Einleitung: Ein gemeinsamer Weg in die klimaneutrale Wärmeversorgung
Am 07. Oktober 2025 fand die zweite öffentliche Informationsveranstaltung zur Kommunalen Wärmeplanung (KWP) für die Gemeinden Poppendorf, Roggentin und Thulendorf statt. Dieser Bericht fasst die zentralen Ergebnisse und Diskussionen des Abends zusammen und beleuchtet die strategische Bedeutung dieses Planungsprozesses für alle Bürgerinnen und Bürger. Die Kommunale Wärmeplanung ist kein isoliertes Projekt, sondern ein entscheidender Baustein auf dem Weg zu einer sicheren, bezahlbaren und klimaneutalen Wärmeversorgung in unserer Region.

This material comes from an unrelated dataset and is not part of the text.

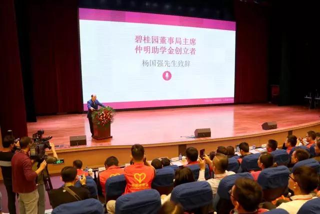 11月19日下午,2017年度仲明助学金颁发仪式暨20周年庆典在广东顺德碧桂园集团总部举行,533名大学生获得年度资助。仲明助学金由碧桂园集团创始人杨国强于1997年匿名设立,至今已经帮助9664名大学生。

Als durchführende Experten führten Dr. Malte Schümann und Conrad Gierow von der Theta Concepts GmbH durch den Abend. Die Veranstaltung bot ein wichtiges Forum, um über den aktuellen Stand der Planungen zu informieren, Potenziale aufzuzeigen und die drängendsten Fragen der Anwesenden direkt zu beantworten. Entdecken Sie im Folgenden die Hintergründe, die detaillierten Analyseergebnisse und die konkreten Zielszenarien, die an diesem Abend vorgestellt wurden.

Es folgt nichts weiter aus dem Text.